WORK INSTRUCTIONS: Your task is to print, exactly and only, the lines from the start of the entries below through the line with "Akt sitzend von vorne, 2004, Acryl, 88x75cm". Include both ends, but skip the pictures.

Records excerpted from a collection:
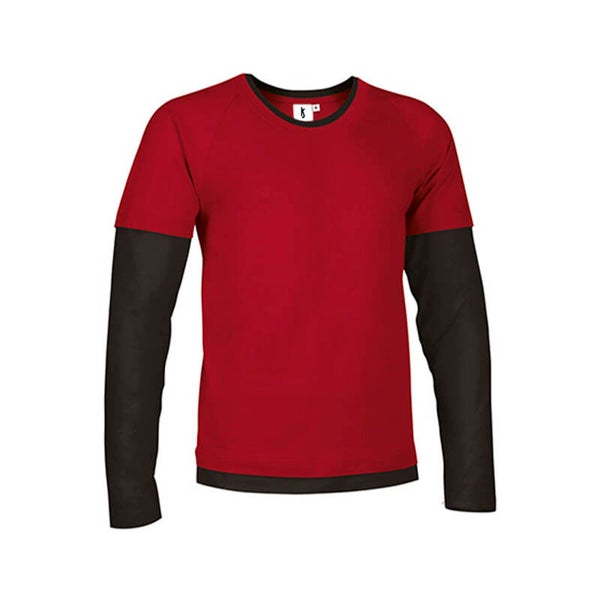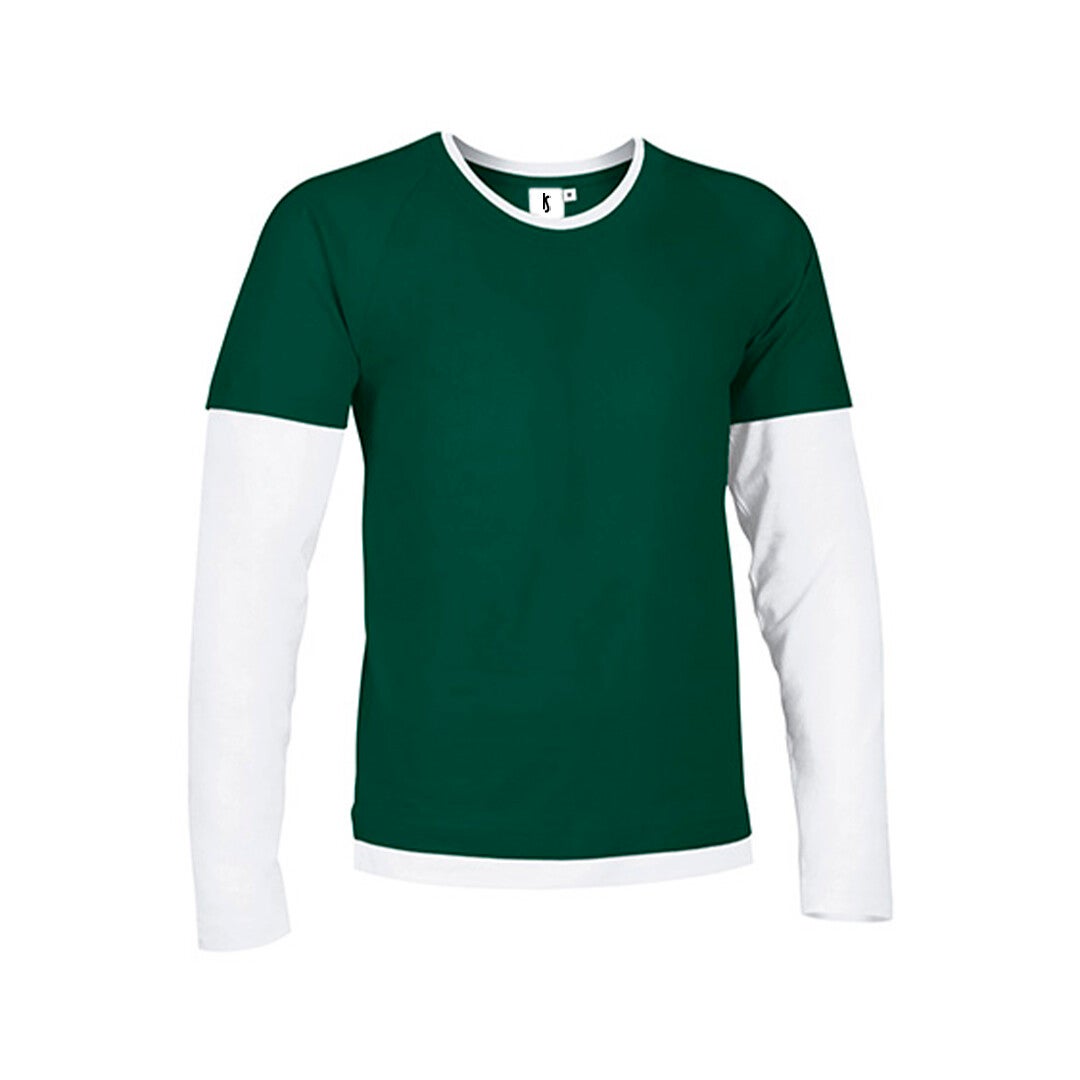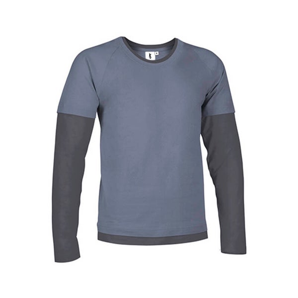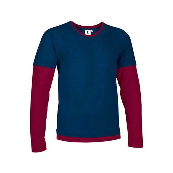 - Camiseta de cuello redondo con diseño bicolor y efecto doble manga.
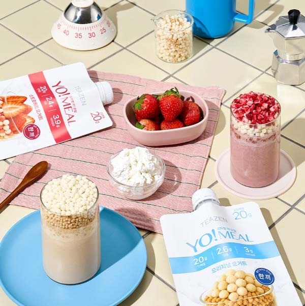 티젠 요밀은 콤부차 요거트 분말을 기반으로 단백질과 식이섬유를 채운 파우치형 단백질 쉐이크다. 물만 넣고 흔들면 한 끼 식사를 대체할 수 있는 요거트 베이스 단백질 음료가 완성돼 바쁜 일상에서도 간편하게 즐길 수 있다.
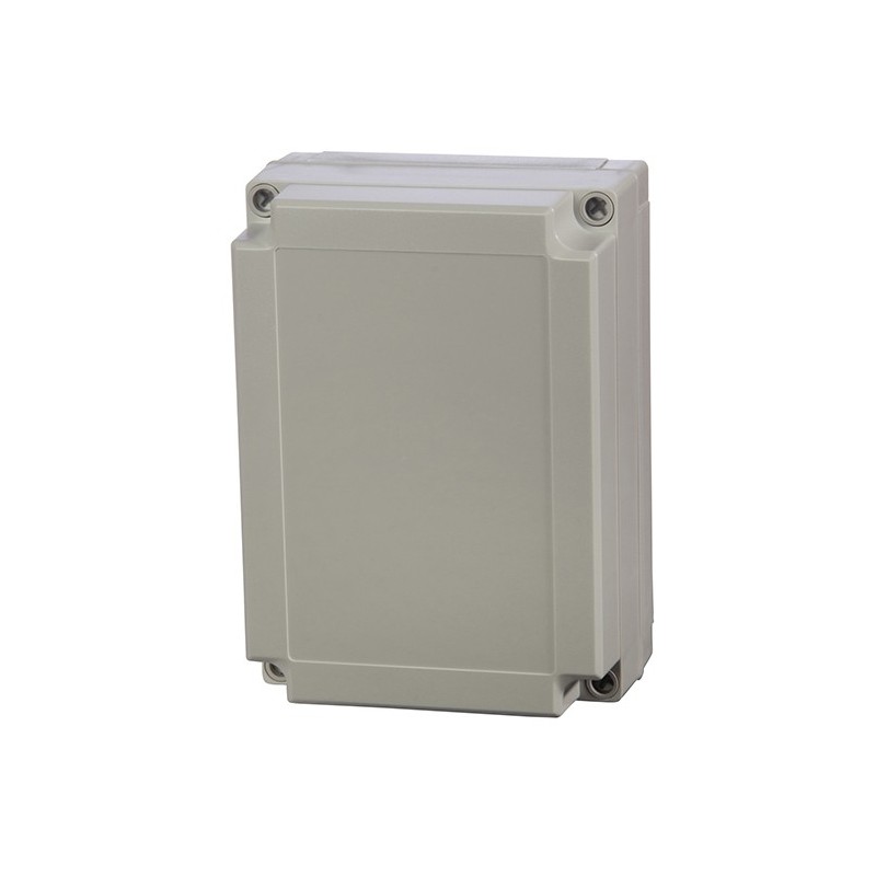Caja de policarbonato con base de 50 mm de altura, y tornillos para placa de montaje/carril DIN. Con tapa opaca preparada para teclados de membrana, cierre con tornillos de poliamida, y junta de goma para IP 66. De color gris RAL 7035.
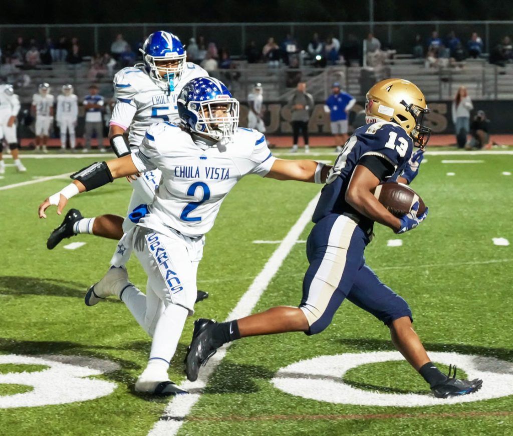 For Chula Vista, offensive leaders included junior Gabriel Ruiz (17 carries, 73 yards), junior Elijah Richardson (nine carries, 61 yards) and senior Isaiah Heard (14 carries, 52 yards). Defensive leaders included senior Darrion Frisson (seven tackles), senior Julio Andrade (three tackles for losses, one sack) and senior Daniel Marquez (one interception).
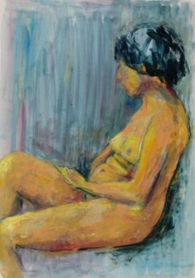 Akt sitzend von vorne, 2004, Acryl, 88x75cm
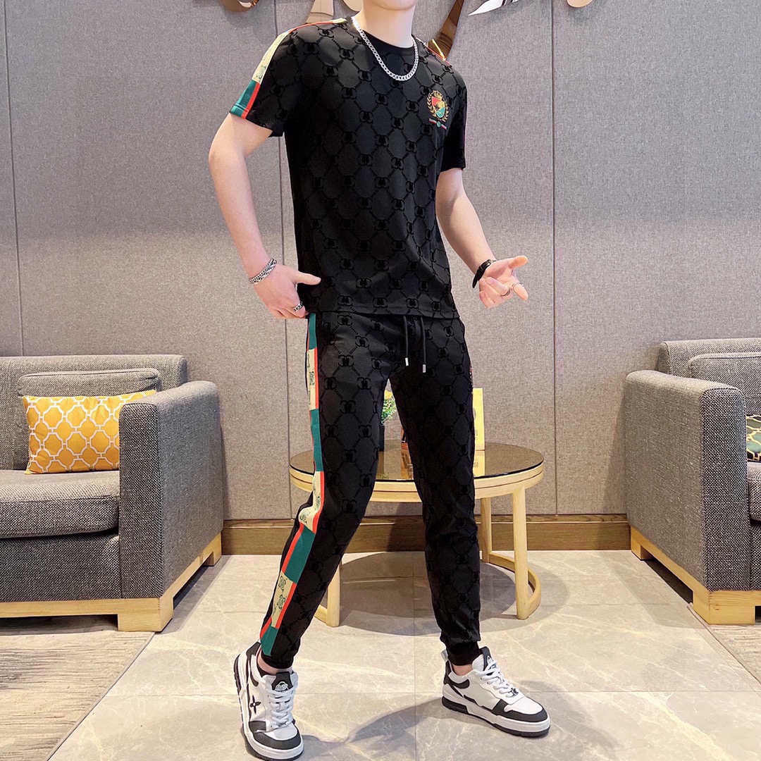 GUCCI men's summer short sleeve set. High quality imported fabric, trendy style. Sizes M-5XL.
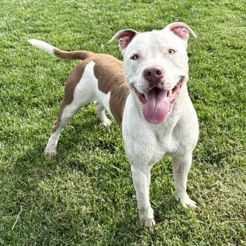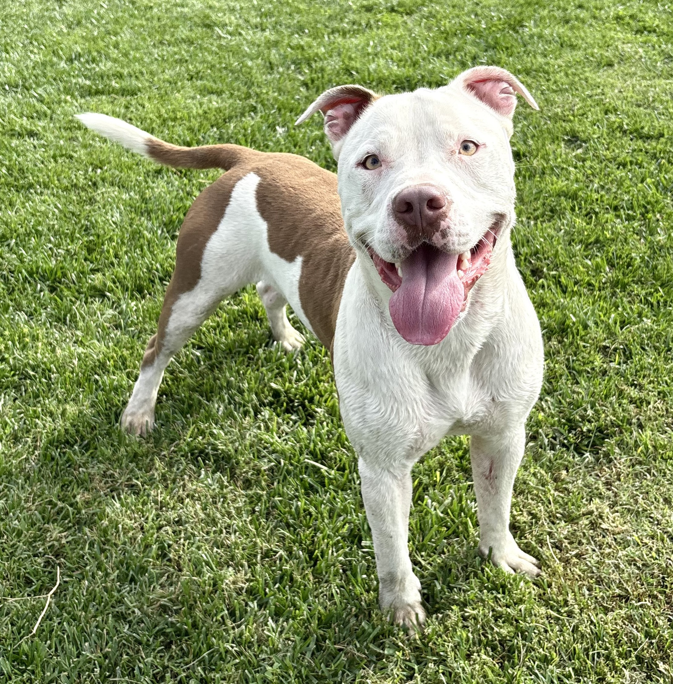 Meet Ghost! This sweetie pie is a wonderful little pitbull mix. Sadly, he was found as a stray, but you'd never guess it from his loving nature. Affectionate and gentle with his finders and the shelter staff, he's always ready for cuddles and companionship. He goes out with other dogs his size every day and plays well - he runs right for the doggie pools first though! Any dogs in the home would need to join the meet-and-greet so we know everyone gets along. After he's done playing, he's a calm boy who walks well on the leash, so someone had put a bit of work into his training before he arrived with us. Any status on housetraining is to be determined by his new owner. He's hoping to find a forever home where he can give — and receive — all the love he deserves. He is neutered, vaccinated, and microchipped, so he's all ready to go home today! $350 adoption fee.
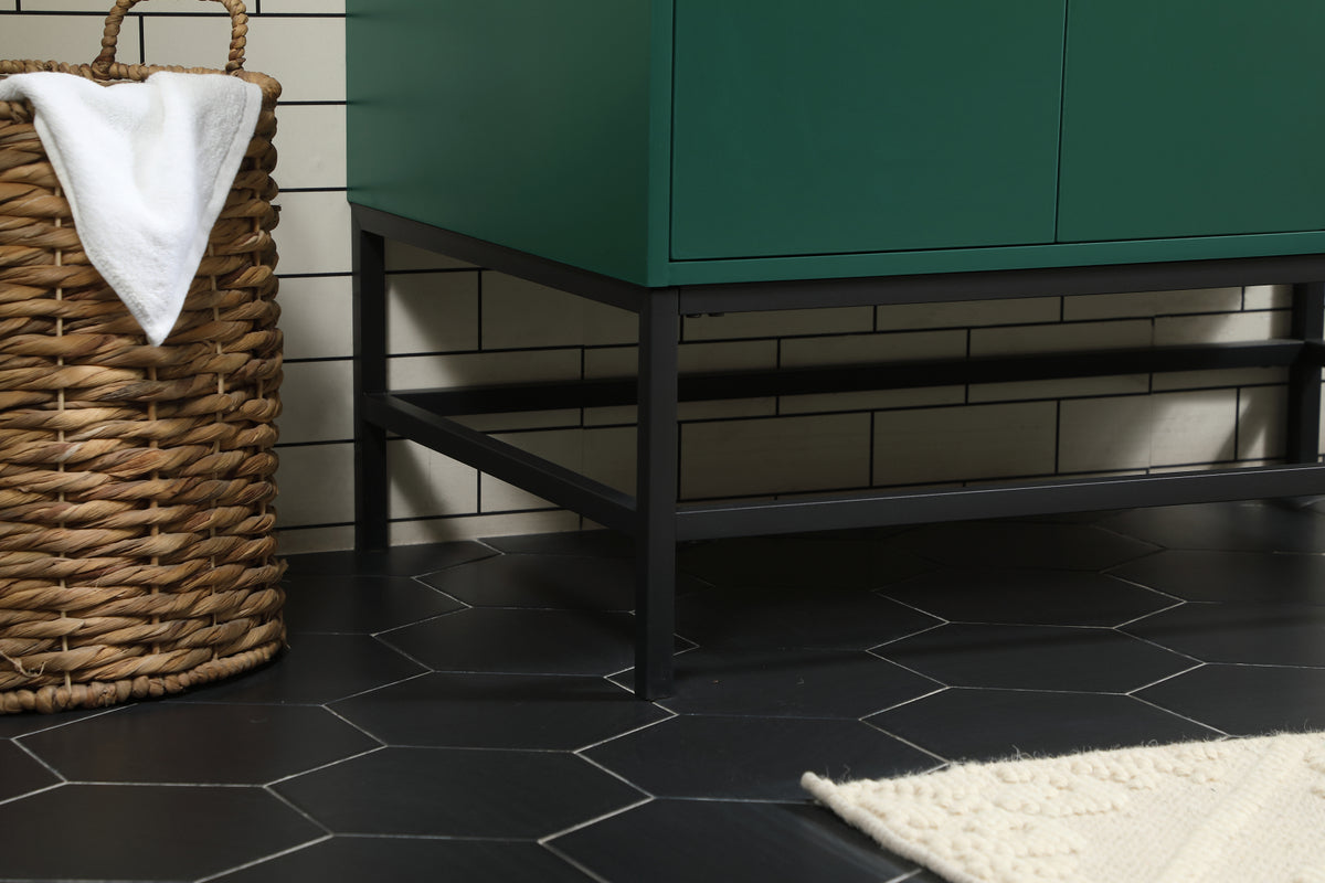 This vanity is a sleek-looking piece of bathroom furniture that is easy to incorporate into your design scheme. The cabinet features a smooth door panel with an oversized steel handle and soft close hinges provide ample room for accessories. Constructed of engineered wood, the powder-coated metal rod legs are an urban industrial look that we love. Minor assembly of the metal legs needed to get this vanity up and running. Comes with a matching backsplash to complete the look and protects your wall.
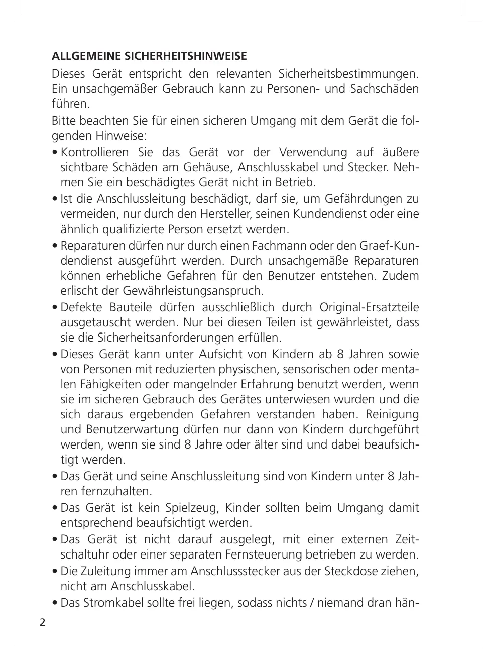 - Reparaturen dürfen nur durch einen Fachmann oder den Graef-Kundendienst ausgeführt werden. Durch unsachgemäße Reparaturen können erhebliche Gefahren für den Benutzer entstehen. Zudem erlischt der Gewährleistungsanspruch.
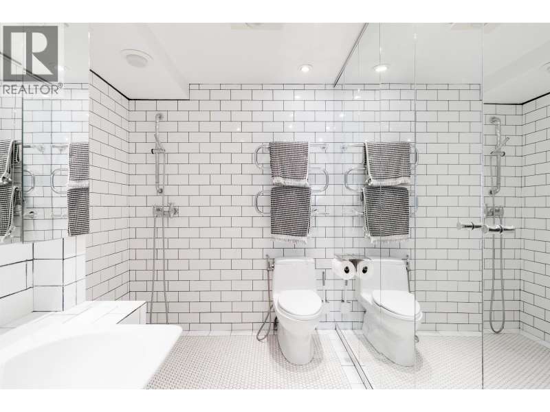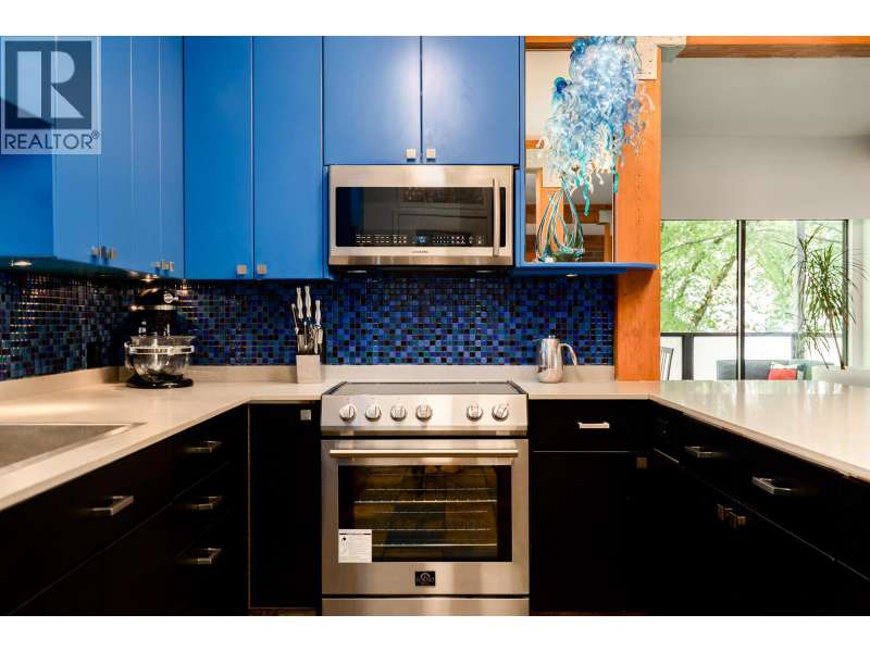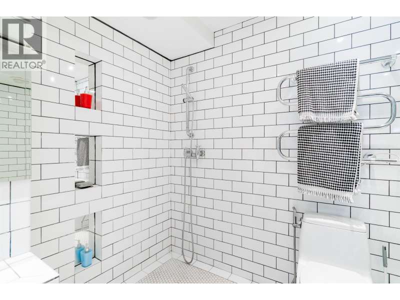 This one-of-a-kind vibrant urban retreat on coveted, tree-lined Nelson Street offers a rare blend of character & style in the heart of the West End. Spanning 1,308 sqft this corner home was originally a 3 bed/2 bath & has been transformed into a spacious 1 bed/2 bath sanctuary with in-suite laundry & the option to revert. Striking exposed wood beams, rich brick feature walls, and slate floors set an unforgettable tone. The chef´s kitchen boasts bold cabinetry, stone counters, & a generous space perfect for entertaining, while the open-concept layout flows seamlessly into the living & dining areas. Complete with 2 parking spots, this private oasis is just steps to beaches, shops, cafes and the best of DT living. (id:58403)
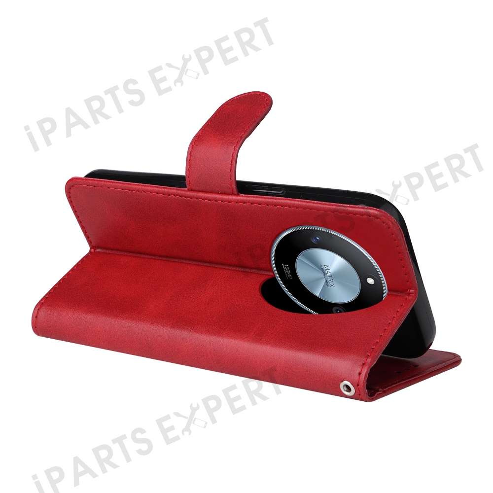 For Honor X60 5G Case Wallet PU Leather Folio Flip Phone Cover - Red
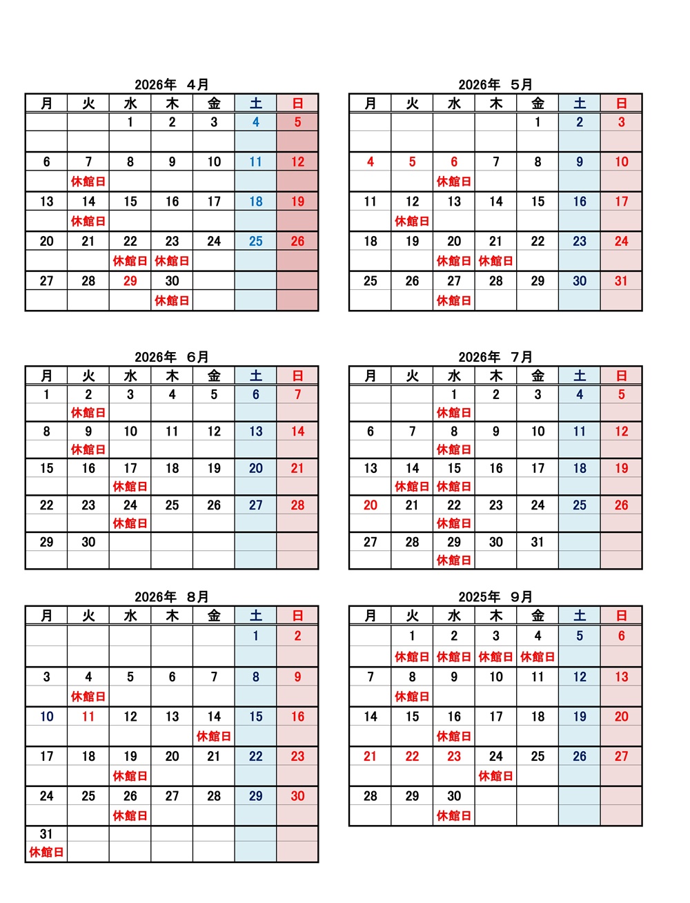 ※今後の状況により休館日の日程に追加・変更がある場合がございます。

ANSWER SECTION:
 - Camiseta de cuello redondo con diseño bicolor y efecto doble manga.
 티젠 요밀은 콤부차 요거트 분말을 기반으로 단백질과 식이섬유를 채운 파우치형 단백질 쉐이크다. 물만 넣고 흔들면 한 끼 식사를 대체할 수 있는 요거트 베이스 단백질 음료가 완성돼 바쁜 일상에서도 간편하게 즐길 수 있다.
Caja de policarbonato con base de 50 mm de altura, y tornillos para placa de montaje/carril DIN. Con tapa opaca preparada para teclados de membrana, cierre con tornillos de poliamida, y junta de goma para IP 66. De color gris RAL 7035.
 For Chula Vista, offensive leaders included junior Gabriel Ruiz (17 carries, 73 yards), junior Elijah Richardson (nine carries, 61 yards) and senior Isaiah Heard (14 carries, 52 yards). Defensive leaders included senior Darrion Frisson (seven tackles), senior Julio Andrade (three tackles for losses, one sack) and senior Daniel Marquez (one interception).
 Akt sitzend von vorne, 2004, Acryl, 88x75cm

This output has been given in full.